Safe Harbor for Rental Real Estate Under Section 199A

Julie K. Kelly

Sussman Shank LLP

On September 24, 2019, the IRS clarified the uncertainty surrounding the qualification of a rental real estate enterprise as a trade or business for purposes of section 199A of the Tax Cuts and Jobs Act (“section 199A”).  Revenue Procedure 2019-38 (“Rev. Proc. 2019-38”) establishes a safe harbor under which a taxpayer operating a domestic rental real estate business may take advantage of the section 199A deduction of qualified business income (“QBI”).  Specifically, a business operated by an individual taxpayer or a relevant pass-through entity (“RPE”) may deduct up to 20 percent of its QBI; RPEs include sole proprietorships, partnerships, and S corporations.

Rev. Proc. 2019-38 defines a rental real estate enterprise (“RE enterprise”) as “an interest in real property held for the production of rents.”  The interest must be held by the taxpayer or the RPE (collectively referred to herein as “taxpayer”) directly or via an entity disregarded for tax purposes.  In addition, the taxpayer must meet the following requirements:

Real Estate Categories.  For purposes of the safe harbor, there are two real estate categories — commercial and residential.  The taxpayer may characterize each property interest as a separate RE enterprise or, in the alternative, treat all interests in commercial property as a single RE enterprise and all interests in residential property as a single RE enterprise.  To the extent a particular property is used for both commercial and residential purposes, such property may be characterized as a single RE enterprise or split into separate interests for reporting purposes. Once a single RE enterprise is established for multiple properties within the same category, the taxpayer must continue to characterize all such properties as a single RE enterprise in future years, including properties acquired after the year in which the single RE enterprise is established.

Rental Services.  250 hours of rental services must be performed annually for RE enterprises that have been operating for less than four years.  RE enterprises that have been operating for more than four years only need to provide evidence that the annual 250-hour requirement was satisfied for at least three of the last five consecutive tax years.  Rental services may be performed by owners, employees, agents, or independent contractors.  Qualifying rental services include advertising, negotiating lease agreements, due diligence of tenant applications, rent collection, maintenance and repairs, and supervision of employees and independent contractors.  Investment and financial analysis activities do not qualify as “rental services” for purposes of the safe harbor, nor do hours traveling to and from the rental properties.

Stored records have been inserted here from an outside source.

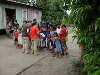 while there we also played with kids and performed dramas and teaching for a church service. But this time it was more challenging becuase none of the kids could understand spanish, when they spoke portuguese we were able to understand them, but their main language wasn´t portuguese but Ticuna. Despite language barriers we were still able to communicate the message of God´s love.... that sounds so corny, but its so true.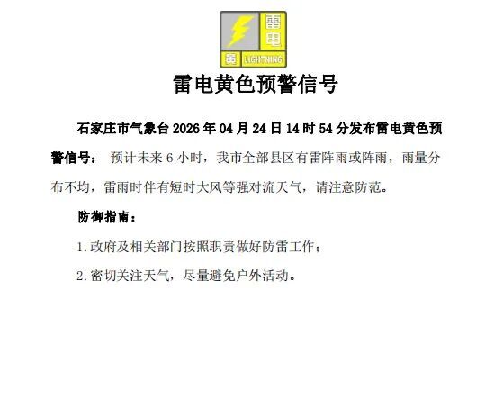 石家庄市气象台2026年4月24日14时54分发布雷电黄色预警信号: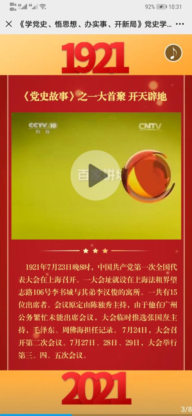 期间,公司以手机移动端网页为载体,根据习近平《论中国共产党历史》以及共产党员网刊发的《党史故事100讲》《历次党代会》《中国精神》等资料和文献,开设“学党史、悟思想、办实事、开新局”党史学习专栏,创办党史学习教育网课,目前已推送7期,累计学习已达700余人次。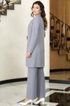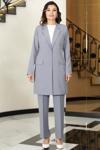 Esilanur Parla Uzun Ceket Pantolon İkili Tesettür Takım Gri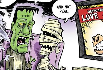 Spooky, Terrifying, And Not Real Political Cartoon is by Phil Hands in the Wisconsin State Journal.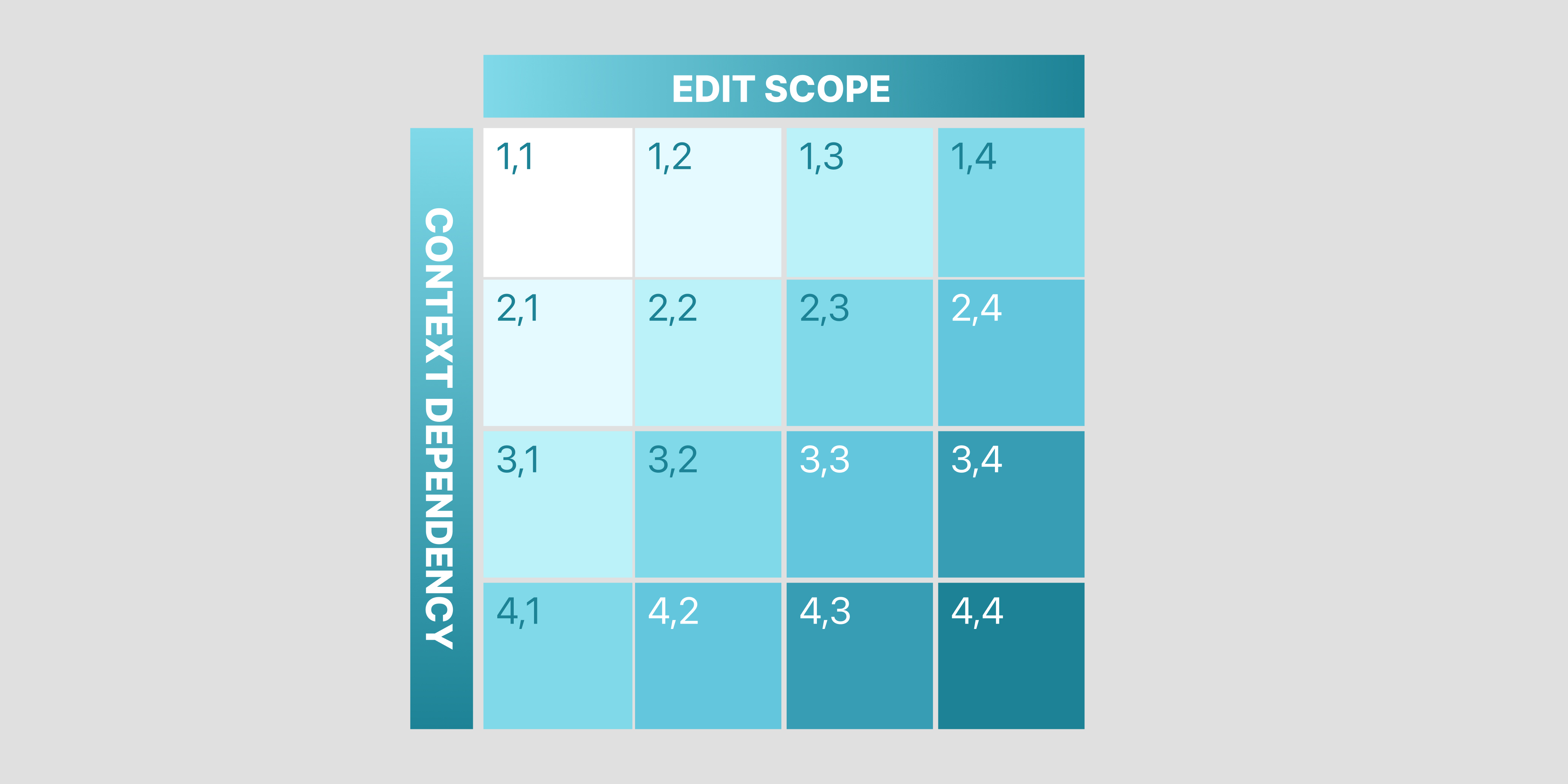 Modeled AI editing across scope and context as a structured matrix, making risks and dependencies explicit. Enabled the team to sequence development, avoid high-risk scenarios, and move forward independent of UI constraints.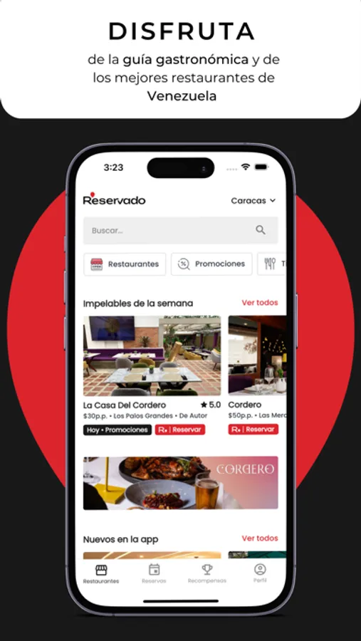 Reservado te brindará experiencias únicas con la que podrás reservar en los mejores restaurantes de Caracas, Valencia y Lechería. Encuentra increíbles restaurantes que satisfagan tus gustos y necesidades. Tendrás la posibilidad de visualizar el menú de todos los restaurantes para incentivarte a probar platos novedosos que nunca antes habías degustado.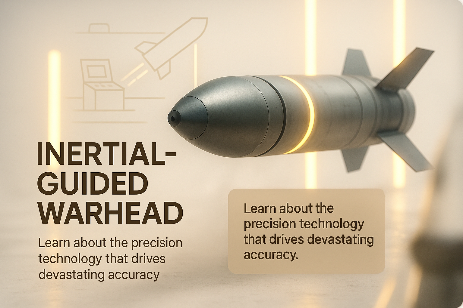 /Collection: /by davooda/Type: PNG/A visually appealing graphic featuring a 3D representation of an inertial-guided warhead, designed to educate viewers on advanced military technology. The modern aesthetic and sleek design elements cater to a tech-savvy audience.
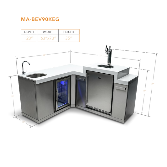 Mont Alpi Beverage Center with 90 Degree Corner and Kegerator - MA-BEV90KEG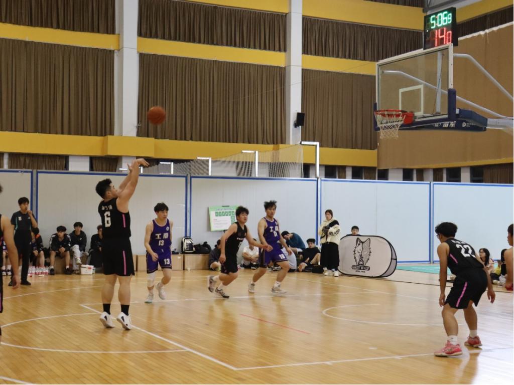 中场休息结束,下半场比赛战火重燃。我院队员在连续两日高强度激战下,仍怀夺冠壮志,以钢铁般信念咬牙坚持。比分渐被拉开时,邵天磊、金子涵挺身而出,前者三分入网,后者“打三分成功”,振奋士气,比分缓缓迫近。然而,比赛时间逐渐临近尾声,尽管我院球员全力追赶,但最终仍惜败对手,荣获亚军。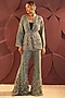 Featuring a teal jacket in silk organza base with zardosi hand embroidery. It is paired with matching pants having embroidery, a velvet inner, and a belt.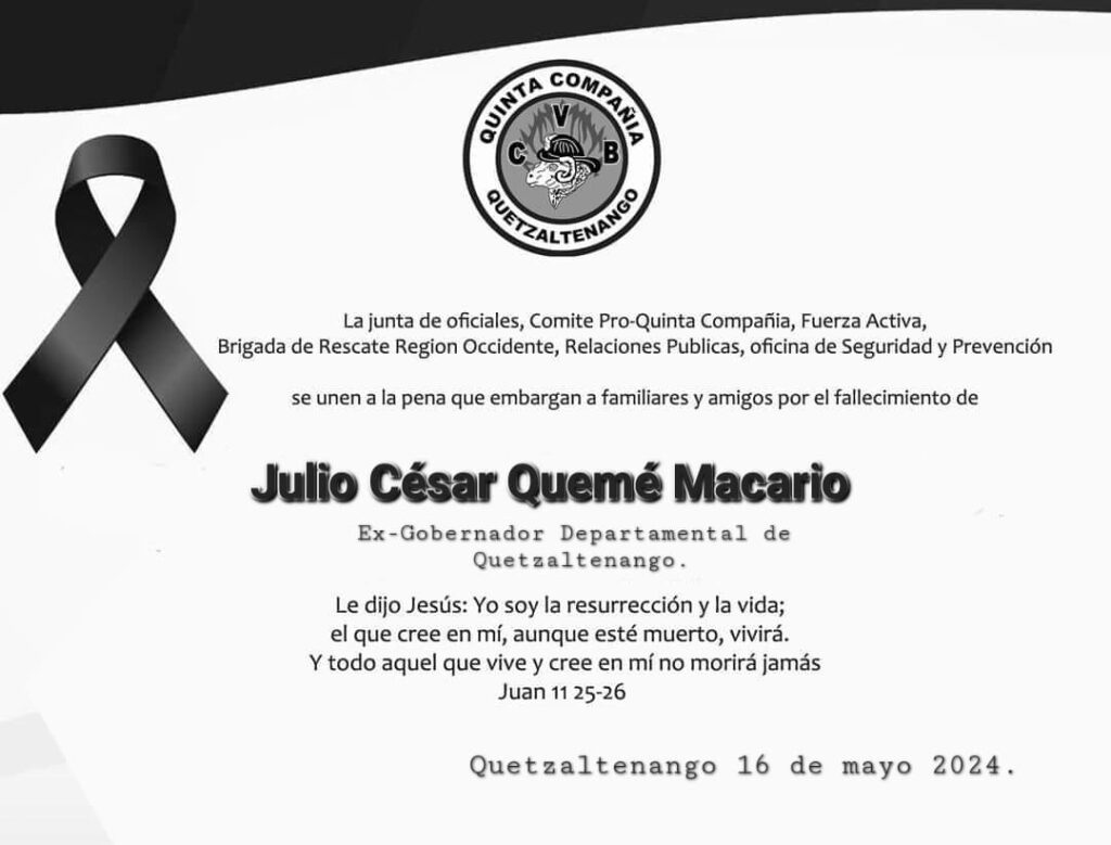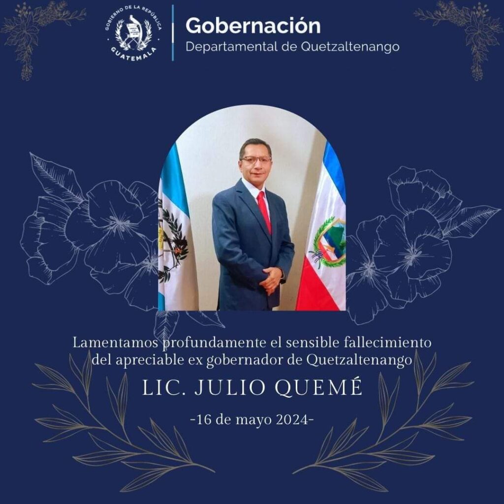 El jueves reciente por la noche, cerca de las 20.30 horas, el exgobernador de Quetzaltenango, Julio César Quemé Macario, de 53 años, murió en un accidente de tránsito en el centro de San Miguel Sigüilá, Quetzaltenango.

Statement of Reliance on Safe Harbor.  Finally, the taxpayer must attach a statement to the applicable return detailing its reliance on the safe harbor.  This is an annual requirement, so the statement must be attached to each return under which the taxpayer elects to rely on the safe harbor.  In addition to a representation that the requirements of Rev. Proc. 2019-38 have been met, the attachment must contain (1) a description of each real property included in each of the taxpayer’s RE enterprises and (2) a summary of the newly acquired properties and properties disposed of during the tax year for which the return is being filed.

Disqualifying Factors.  Not surprisingly, any real property used by the taxpayer (or an owner or a beneficiary of the RPE) as a personal residence will not qualify for the safe harbor, nor will leased property governed by a triple net lease.  Also excluded is real estate leased to a trade or business of the taxpayer (including a commonly controlled RPE) and real estate in which any portion of the interest is treated as a specified service trade or business (“SSTB”).  An interest will be characterized as a SSTB if the property (1) is leased to a business performing services in the industries of health, law, accounting, actuarial science, performing arts, consulting, athletics, financial services, investing and investment management, and trading; and (2) 50 percent or more of such service business is commonly owned with the RE enterprise.[1]

Rev. Proc. 2019-38 applies to tax year 2018, so an amended return may be filed.   The Tax Cuts and Jobs Act is scheduled to sunset in 2026.  Thus, absent additional congressional action, the final year taxpayers can rely on the safe harbor is 2025.  It is important to note that even if a taxpayer fails to satisfy the safe harbor requirements, it may nevertheless rely on the definition of “trade or business” under Treasury Regulation section 1.199A-1(b)(14)[2] to claim the deduction.

[1] § 1.199A-5(c)(2)

[2] Treasury Regulation section 1.199A-1(b)(14) defines trade or business as a trade or business under section 162 other than the trade or business of performing services as an employee.  IRC section 162(a), however, fails to define trade or business.  Rather, it allows a deduction of “all the ordinary and necessary expenses paid or incurred during the taxable year in carrying on any trade or business.”  Presumably, the regulations for 199A direct us to section 162(c) case law for determining whether an activity qualifies as a trade or business. “[W]hether the activities of a taxpayer are ‘carrying on a business’ requires an examination of the facts in each case.” Higgins v. Commissioner, 312 U.S. 212, 217 (1941); see also Commissioner v. Groetzinger, 480 U.S. 23 (1987) (establishing two definitional requirements: first, there must be an intent to make a profit; and second, the business must necessitate regular, continuous activity.)